Start of Extracted material

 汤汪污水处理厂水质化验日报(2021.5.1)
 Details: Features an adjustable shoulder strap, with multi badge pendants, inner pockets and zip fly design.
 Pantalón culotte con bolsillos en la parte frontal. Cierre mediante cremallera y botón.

End of Extracted material
Start of Extracted material

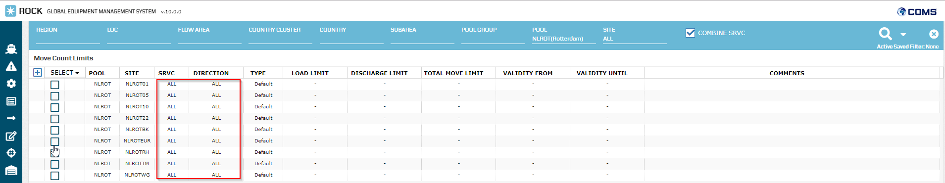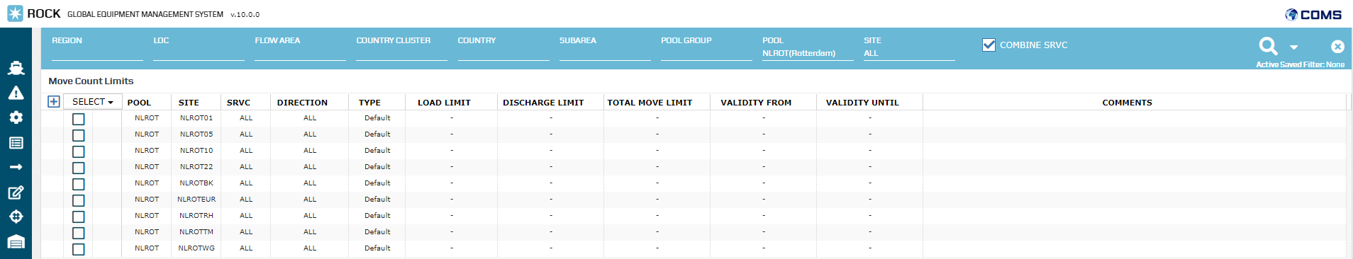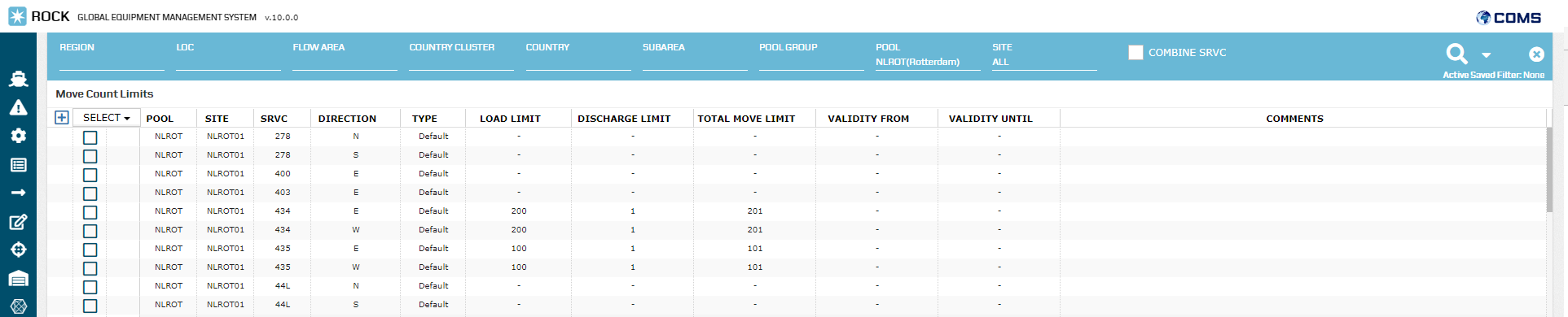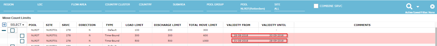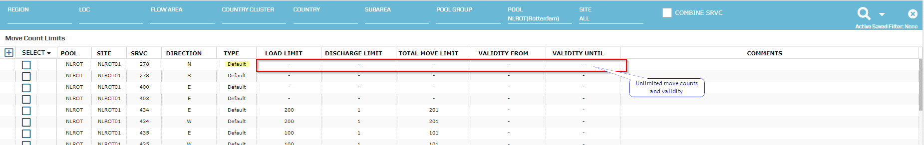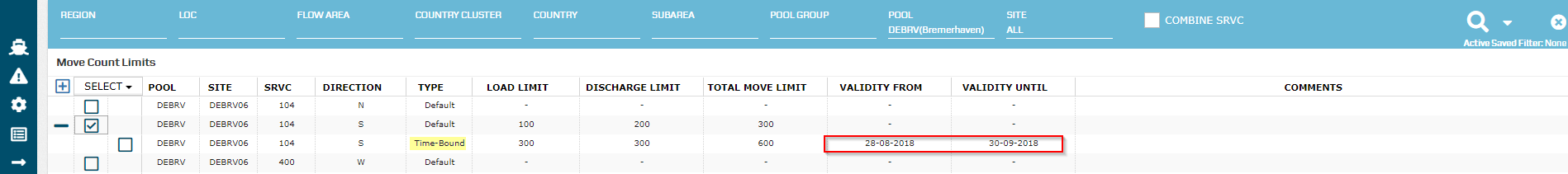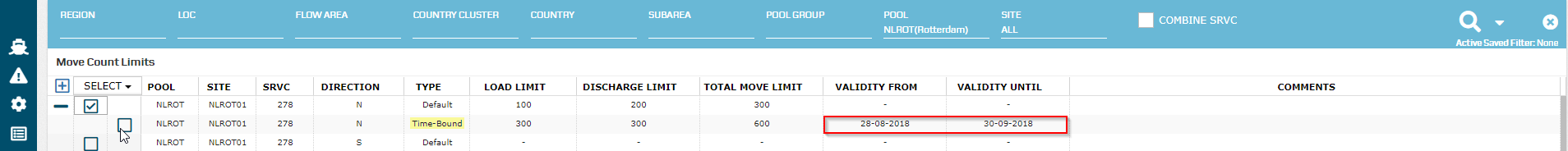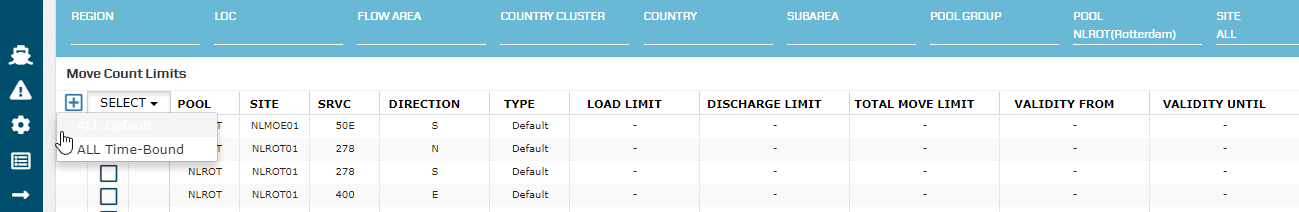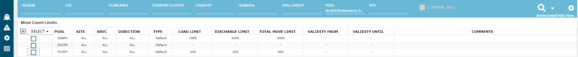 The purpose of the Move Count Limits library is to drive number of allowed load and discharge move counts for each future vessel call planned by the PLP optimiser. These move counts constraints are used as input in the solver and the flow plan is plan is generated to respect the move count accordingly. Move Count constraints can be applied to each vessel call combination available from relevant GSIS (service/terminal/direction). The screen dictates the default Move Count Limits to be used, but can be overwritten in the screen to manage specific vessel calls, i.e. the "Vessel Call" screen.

End of Extracted material

_Work instruction_. Take the lines above from the one containing "Details: Features an" to the one containing "Pantalón culotte con" and retype them exactly, both ends included, with nothing added.

_Final answer_.
 Details: Features an adjustable shoulder strap, with multi badge pendants, inner pockets and zip fly design.
 Pantalón culotte con bolsillos en la parte frontal. Cierre mediante cremallera y botón.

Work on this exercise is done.